[DBZ-923] MySQL active-passive: brief data loss on failover when Debezium encounters new GTID channel

Type: Bug
Resolution: Done
Priority: Critical
Fix Version/s: 0.9.0.Beta2
Affects Version/s: 0.8.3.Final
Component/s: mysql-connector
Labels:
None

SFDC Cases Counter:
SFDC Cases Open:
SFDC Cases Links:

Lets say we have two mysql servers in standard active-passive high availability setup. If current master node fails, automation will promote passive instance to new master and it continues to serve live traffic. And debezium is connecting to master node as well.

Starting point:
Server A (current master)
uuid: abc
gtids: abc:1-100

Server B (slave)
uuid: dfg
gtid: abc:1-100 (replating from master)

Debezium is connecting to master also, so it has
gtids: abc:1-100

Now assume master node fails, failover is triggered

Server B (automation promotes it to new master)
uuid: dfg,
gtids: abc:1-100, dfg: 1-20

Server A (becomes slave, starts replication from B)
uuid: abc
gtids: abc:1-100, dfg: 1-20

Debezium after job restart:
gtids: abc:1-100, dfg:1-20,

Debezium gets connection reset error, then on job restart it successfully connects to new master (Server B), finds new gtid channel (dfg) and merges it to existing offsets and connects.

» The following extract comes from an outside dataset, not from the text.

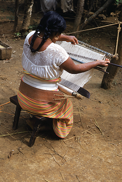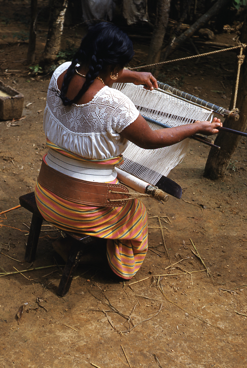 Tejedora nahua de Cosoleacaque, Veracruz. Sentada en un banco de madera, teje en telar de cintura una servilleta con la técnica de brocado de trama. Con la mano izquierda levanta una segunda vara de lizo, mientras que con la mano derecha introduce un segundo machete en el espacio que ha generado al levantar la vara de lizo. Ella viste un enredo (falda), que se compone de dos lienzos, unidos verticalmente, con diseños de franjas alternadas de colores: rojo, amarillo, blanco y negro, el cual se sostiene a la cintura por una faja de textura acanalada de color blanco con líneas en color negro, lleva una blusa de tela comercial con motivos fitomorfos al contorno del amplio cuello y las mangas, porta un collar de cuentas y aretes en forma de "canastita", el cabello recogido hacia atrás en trenzas. Se observa en los brazos de la tejedora, un tipo de psoriasis.Diapositiva en buen estado de conservación.

Works, BUT! There is a timing issue.

When encountering new gtid debezium starts reading it from mysql server latest gtid_executed position. So in case when mysql servers failover happens faster than debezium job failure detection and restart, the live data arriving to new master with new gtid channel (dfg in our example) is never processed in debezium. In our infra it can be several minutes of data lost as with large schemas debezium startup takes some time.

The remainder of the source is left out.